You might want to listen to the likes of Baez or Krantz and do what it takes to get tenure first before you go off on a totally unique path of your own. That's possibly not the answer you want. I wouldn't know what field to advise you into. But I do know competition is fierce, and like Baez says you might want to do what's in fashion so that you can get a job.

So I say pick one of the "hot hot" fields that a huge amount of people are working in and go with that. As far as supersymmetry goes, well, we'll all have a lot of answers when the LHC comes on line. Not to mention that little rumor that's going around about the tevatron last week.

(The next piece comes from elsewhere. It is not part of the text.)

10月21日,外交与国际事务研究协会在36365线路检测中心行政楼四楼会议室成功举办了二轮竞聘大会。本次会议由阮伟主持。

On the other hand, if you're content to possibly not go in academia then, heck, study whatever tickles you. I know you said that don't apply.

EX., if you want a job at "apple" and you refuse to using anything or learn anything but "gentoo", then you're probably not going to get a job at apple.

Best of luck!

PS I have no clue what "hep" is.
 
  • #3
high energy physics, i believe
 
  • #4
I am certainly an idiot. :redface:
 
  • #5
PhysiSmo - Why don't you get yourself into a physics PhD program and see where the best supervisors are? Pick the specific field based upon the expertise of who you'll be working with for five years.
 
  • #6
PhysiSmo, I maybe one year before having to chose, but I'm in the same situation as you, still searching for what to do...
Since I like cosmology I might go with something close or related to some extent with the subject
 
  • #7
math_owen said:
Gee, you're way further along than me, but maybe we're about the same age.

You might want to listen to the likes of Baez or Krantz and do what it takes to get tenure first before you go off on a totally unique path of your own. That's possibly not the answer you want. I wouldn't know what field to advise you into. But I do know competition is fierce, and like Baez says you might want to do what's in fashion so that you can get a job.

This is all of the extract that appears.